Finance Oil Co. v. James

109 P.2d 818 | Okla. | 1941

The claimant, James, fell from a boiler on February 19, 1922, while working as a tool dresser for respondent, Finance Oil Company. He claimed compensation for an injury to one of his wrists. On May 16, 1922, he executed a final receipt of compensation for the injury, which recited that his disability terminated April 10, 1922, and acknowledged full settlement and satisfaction for all claims for compensation or damages on account of injuries suffered by reason of the accident. The settlement evidenced by the receipt was approved by the State Industrial Commission. Claimant returned to work in April, 1922, and continued to work in the oil fields until 1937. In 1935 he filed a motion to reopen the case, alleging an injury to his spine. This motion was later dismissed for want of prosecution.

On September 15, 1938, he filed his motion to reopen the case, alleging an injury to his head and spine arising from the fall from the boiler of respondent in 1922. While he testified that the injury to his back and head was known to him at the time he claimed compensation for the wrist injury, and that it bothered him when he returned to work, and that his condition grew worse as time progressed, he made no disclosure thereof at any time, except that he testified that he complained of it to the physician who treated the injury to his wrist. The commission awarded compensation for the injury, and the respondent prosecuted this original proceeding to review the award.

The sole question presented is whether the claim and notice of injury filed with the Industrial Commission in 1922, in which the only injury specified was that to claimant's wrist, is sufficient to confer jurisdiction upon the Industrial Commission to make an award to claimant, upon the motion filed in 1938, for an injury to his head and spine of which he was cognizant at all times after the accident occurred, but of which he gave no notice to the employer, and for which he did not claim compensation, prior to the filing of his first motion to reopen the case in 1935.

This identical question was considered in Barnes v. Indian Territory Illuminating Oil Co., 170 Okla. 520, 41 P.2d 633, and answered in the negative, and we think the conclusion therein reached is sound. There the rule was announced that where a claimant, at the time an award is made for accidental injuries, knows of injuries other than those for which he is being compensated, and exercises his judgment as to the seriousness of such other injuries and neglects to give notice to his employer within one year after the original accident, such claimant should not thereafter be permitted to recover for such undisclosed injuries.

In the instant case the claimant made no mention of the injury to his back or head, except to the physician who attended him. This was not, notice to respondent. Dover Oil Corporation v. Bellmyer, 175 Okla. 19, 52 P.2d 761. He chose to disregard the injury, and made no complaint to respondent in reference thereto, nor did he file any claim for compensation for such injury within the one year allowed by section 13367, O. S. 1931, as amended by section 4, ch. 29, S. L. 1933, 85 O. S. A. § 43. Instead, he waited some thirteen years, when the opportunity of the employer to investigate the injury or take steps to correct or minimize its effect had been effectively prevented or barred, and its insurance carrier had gone out of existence, to assert his claim of total disability. Respondent's contention that the claim was barred by *374 the statute of limitations is conclusively established by the evidence.

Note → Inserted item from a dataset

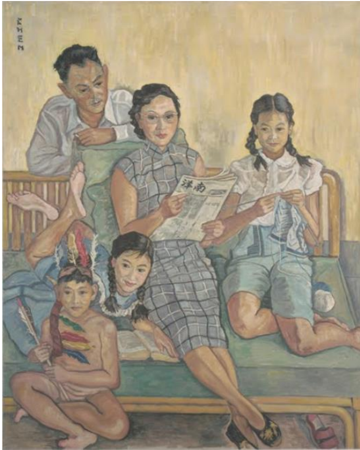
Georgette Chen. Family Portrait . c. 1954. Oil on canvas, 161.5 x 130.2 cm. Gift of the artist's estate. Collection of National Gallery Singapore
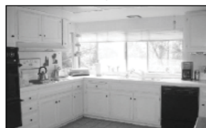
3683 Syracuse Avenue $672,500

Claimant contends that the original notice was notice of all injuries sustained by him, and that it then became the duty of the employer to ascertain the nature and extent thereof. In support of this contention he relies upon Gulf Oil Corporation v. Garrison, 183 Okla. 631, 84 P.2d 12, Wolfe v. Carlisle,182 Okla. 463, 78 P.2d 298, and similar decisions. But we do not consider the rule announced in those cases applicable to the facts in the instant case. In those cases the employer, with notice of the injury, made no attempt to furnish medical attention, or to ascertain the extent of the injury. In the present case the claimant received medical attention, and was treated for the injury to his wrist, the only injury which the claimant then asserted he had received, or of which the employer had knowledge. The two injuries were so unrelated in character that a claim for compensation for the one would in no sense impart notice of or include the other.

Reversed, with instructions to vacate the award.

WELCH, C. J., CORN, V. C. J., and GIBSON and DAVISON, JJ., concur.